An LLM-Guided Query-Aware Inference System for GNN Models on Large Knowledge Graphs
Pith reviewed 2026-05-15 16:11 UTC · model grok-4.3
The pith
KG-WISE decomposes GNN models into loadable pieces and uses LLM query templates to run inference only on relevant subgraphs of large knowledge graphs.
A machine-rendered reading of the paper's core claim, the machinery that carries it, and where it could break.
Core claim
KG-WISE decomposes trained GNN models into fine-grained components that can be partially loaded based on the structure of the queried subgraph. It employs large language models to generate reusable query templates that extract semantically relevant subgraphs for each task, enabling query-aware and compact model instantiation. Evaluation on six large KGs with up to 42 million nodes and 166 million edges shows up to 28x faster inference and 98% lower memory usage than state-of-the-art systems while maintaining or improving accuracy across both commercial and open-weight LLMs.
What carries the argument
LLM-generated reusable query templates that identify and extract semantically relevant subgraphs together with the matching fine-grained GNN model components for partial loading and inference.
If this is right
- Only the model components tied to the extracted subgraph need to be loaded, so memory scales with query size rather than full graph size.

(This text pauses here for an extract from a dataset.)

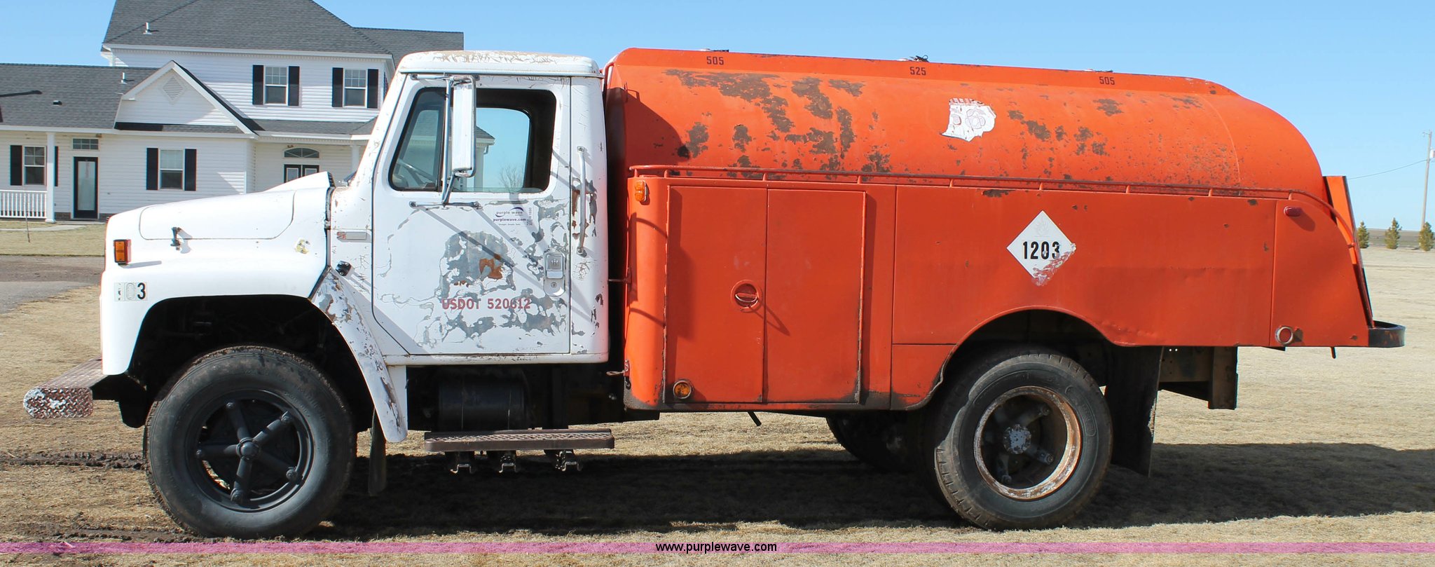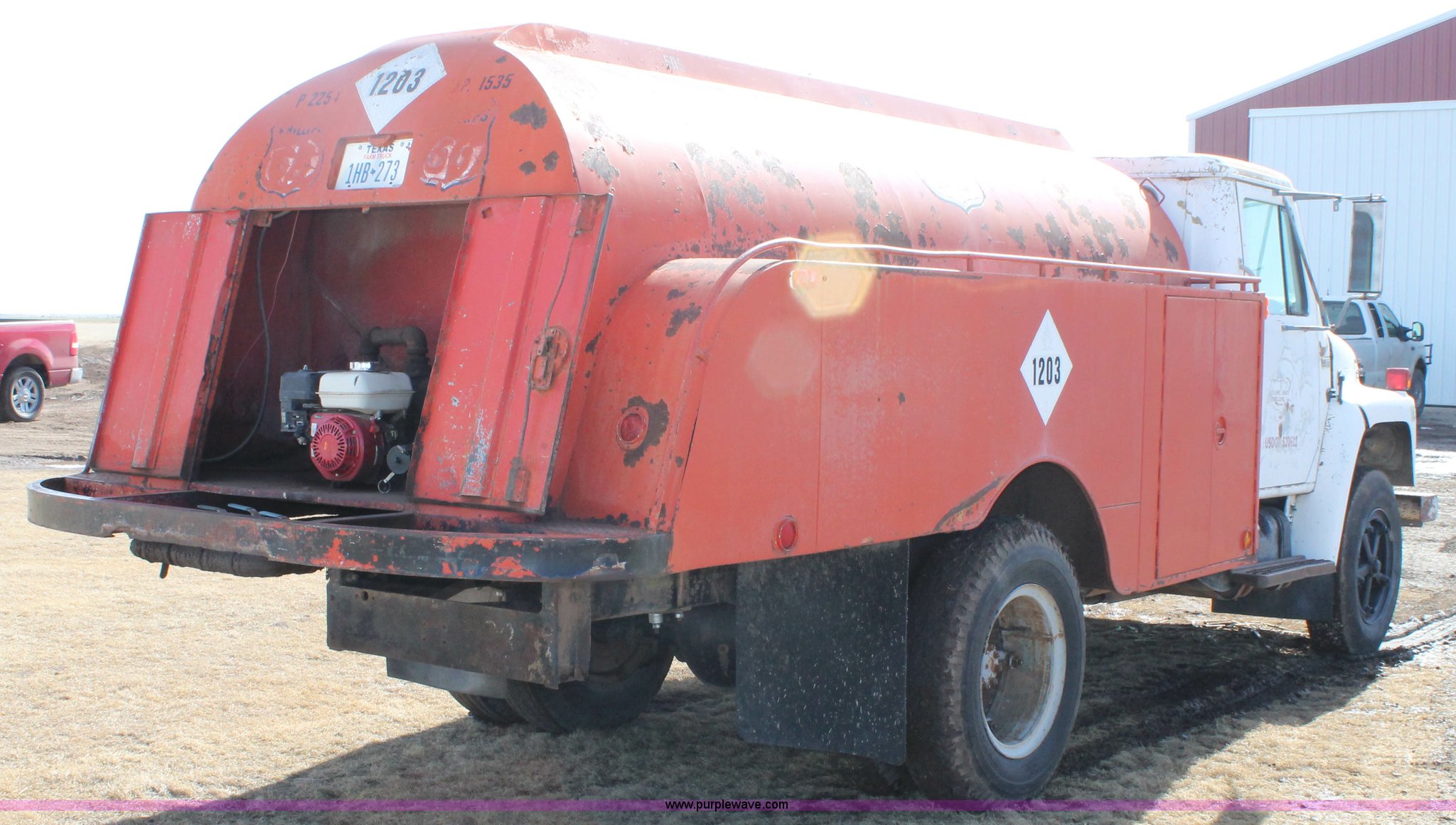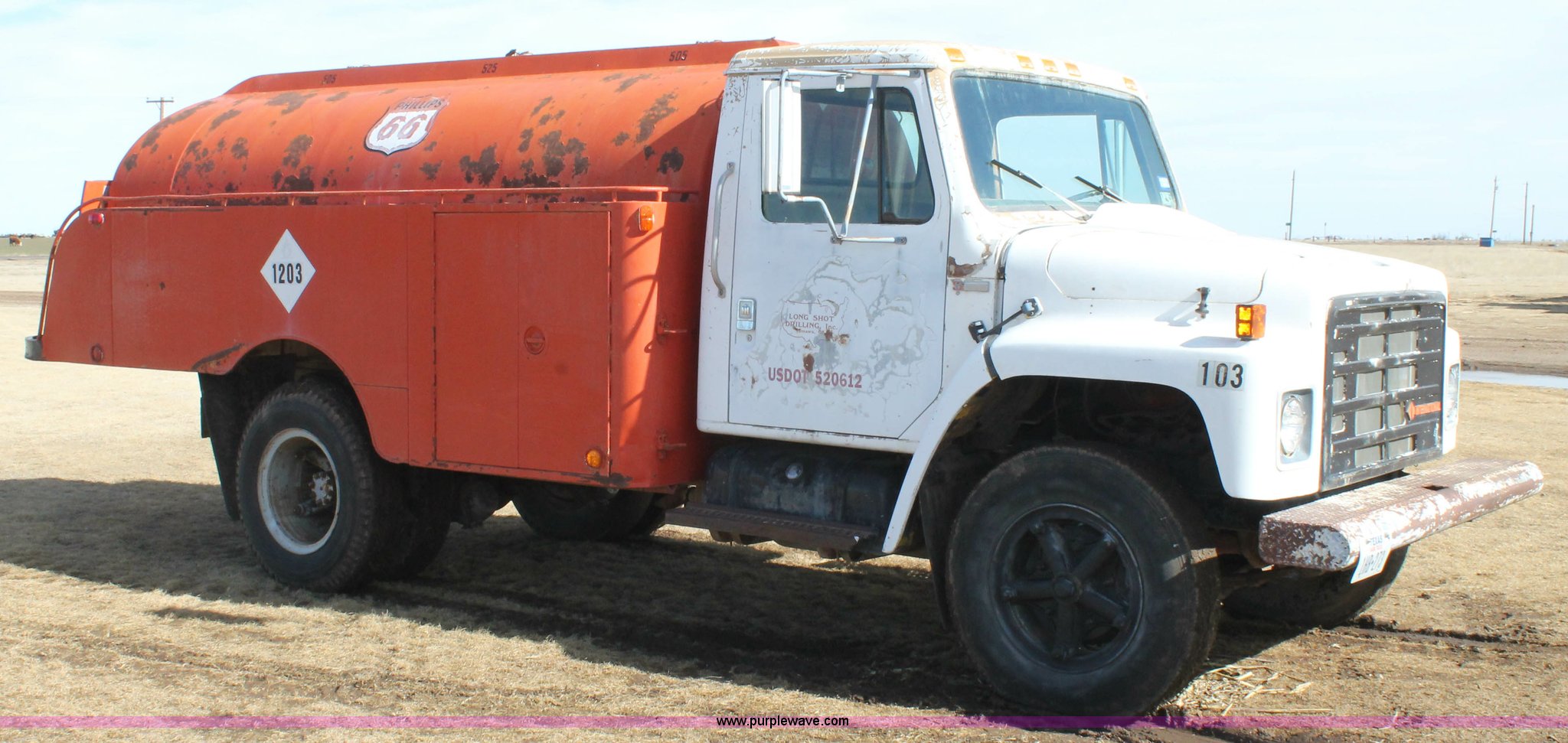 Purple Wave is selling a used Fuel Truck in Texas. This item is a 1979 International fuel truck with the following: 75,721 miles on odometer, International eight cylinder gas engine, Automatic transmission, (3) 1,535 gallon compartment fuel tank, 525 gallon compartment, (2) 505 gallon compartment, (2) side and one rear storage compartments, Honda transfer pump, Fueling hose, meter, and PTO pump, 9.00-20 tires
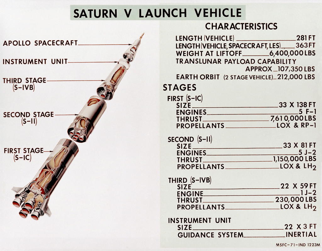 El Saturno V fue el cohete utilizado para las misiones Apolo tripuladas, y hoy en día continúa siendo uno de los vehículos de lanzamiento más potentes jamás construido. Consistía de 3 etapas: La primera, S-IC, es la que hacía despegar todo el cohete de la plataforma. La segunda etapa, S-II le daba a la carga útil un empujón en medio de la órbita. Ambas etapas cayeron al océano una vez que cumplieron su función de impulsar al módulo lunar en la punta fuera del planeta. La tercera etapa, la S-IVB, fue la que puso la nave en su última órbita de aterrizaje alrededor de la Luna.

- The same trained GNN can support many different query types by swapping in different LLM templates without retraining or reloading the base model.
- Inference time drops because both the graph neighborhood and the corresponding parameters are limited to what the template selects.
- Accuracy remains stable or improves because irrelevant nodes and parameters are excluded and cannot introduce noise into the computation.
- The method works with both commercial and open-weight LLMs for template generation, so organizations can choose the LLM that fits their cost and privacy constraints.
Where Pith is reading between the lines
- The same decomposition idea could be applied to other message-passing models if their parameters can be partitioned along the same subgraph boundaries.
- Lower memory use might allow GNN inference to run on devices with limited RAM that currently cannot load full models for large graphs.
- Errors in template generation could be detected and corrected by comparing partial-inference results against a small set of full-model checks on sampled queries.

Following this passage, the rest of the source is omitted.